Ни одного облачка не видать на синем небе, и высоко стоит в нем горячее полуденное солнце. Теплый ветерок чуть подувает, и под его дуновением едва колышется колос желтеющей ржи, едва подергиваются легкою зыбью голубые воды речки. Зеленые луга расстилаются по отлогому берегу, далее раскидываются поля. Речка обмелела; берега ее теперь окаймляются песчаною, каменистою полосой. Берег, противоположный лугам и полям, крут и обрывист; на нем располагается большая деревня – Обросимово.
Страда – в самом разгаре. Деревня опустела, словно вымерла. Только две старухи оставались на виду: одна сидела под оконцем, на завалинке, на самом припеке, и разогревала на солнышке свое зябкое, худенькое тело; другая, кряхтя и охая, расстилала по траве холст. Черный Жучко лежал в тени у колодца, под рябиной… Все Обросимово разбрелось по луговой стороне: одни лен дергали, другие жали, третьи еще сено дометывали; некоторые косили, а иные – поторопливее – уже принимались за озимовую пашню. Дело в том, что зимой снега были глубокие, вода весной была велика и не спадала долго, и весна выдалась холодная. С половины июня пошли жары, и лишь с того времени стала подниматься травка… Оттого и вышло, что сенокос еще не кончили, а рожь уже поспела и пришло время посева. Трудно было в этот год деревенскому люду справляться зараз с тремя работами.
Зато и не зевали – жали иной раз до полуночи и возвращались домой, когда месяц уже скрывался за лесом. Теперь на лугу сверкали косы, на полях серпы блестели. Пестрели разноцветные платки; видны были с подоткнутыми подолами сарафаны – синие, желтые, розовые; попадались и дырявые холщовые рубахи. Ребята ставили суслоны, шевелили сено и, играючи, чуть не с головой зарывались в ароматной траве.
Яков Бахрушин докосил свой участок; Марфуша перешевелила сено и сгребла его в валы… Наступал тихий, благодатный вечер. В олешняке над рекой громко чирикала малиновка; заунывная песенка доносилась откуда-то издалека.
– Вон, люди паужинать собираются… Пора и нам! – сказал Яков, кладя на плечо косу и прихватывая другою рукой пустой бурак из-под воды.
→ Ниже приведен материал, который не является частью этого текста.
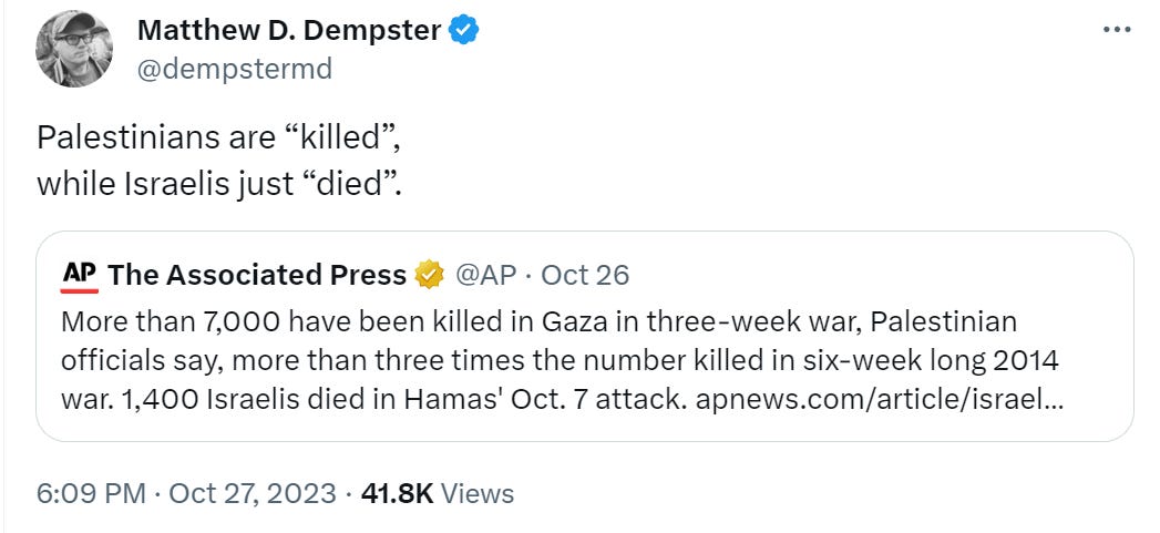 The AnointedSemantic DifferencesEmma VaisOct 28, 20232ShareAP artfully applies the active and passive voices when reporting on Palestinians killed by IDF, and Israelis killed by Hamas pogromists.Tweet here.Photo by Jas Min on Unsplash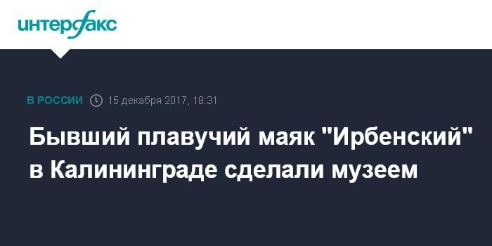 Москва. 15 декабря. INTERFAX.RU - В Калининграде бывший плавучий маяк Балтийского флота "Ирбенский" официально стал кораблем-музеем, сообщил "Интерфаксу" заместитель директора Калининградского музея Мирового океана Алексей Буданов.

– Пора и то! – промолвила Марфуша, отходя к соседней копне.
Там, зарытый в сено и обмотанный в тряпье, спал ее сынишка. Во сне малютка ухватил правой ручонкой горсть сухой розовой макушки, а другую подложил под свою разгоревшуюся щечку и спал тем блаженным, беззаботно-спокойным сном, каким, читатель, нам уже не спать. Марфуша бережно взяла его на руки и, прихватив на плечо грабли, пошла за мужем. Малютка не пробудился, только потянулся на другой бок и еще крепче прижался головой к материнской груди… Марфуша заботливо поглядывала на своего спящего Пашутку. И как ей было не поглядывать на него! Ведь это – ее единственный сынок, ее первенец, ее радость. К тому же и бабушка, и сестра, и все говорят, что Пашутка походит на отца… А Якова она крепко любит. Мужик хороший, добрый, непьющий, ни разу пальцем ее не тронул…
И Якову было за что любить свою молодуху: баба – работящая, не пустомеля, не слезомоя, женщина здоровая и красивая. Лицо у нее продолговатое, с прямым, тонким носом и с пухлыми, алыми губами. Ее голубые глаза весело и открыто смотрят на белый свет. А над ними, словно кисточкой, проведены темные брови. Густой румянец играет на ее загорелых щеках. На голове теперь повязан ситцевый платочек, десять раз стиранный и уже кажущийся беловатым; пряди русых волос выбиваются из-под него. Ее холщовая рубаха кругом ворота незатейливо обшита кумачом. Свободно, легко сидит на ней синий, также полинявший сарафан, едва подтянутый по стану узеньким поясом. Высокого роста, стройная, довольно полная, идет она «с перевалочкой» – и видно, как под рубахой вздымается ее высокая, здоровая грудь.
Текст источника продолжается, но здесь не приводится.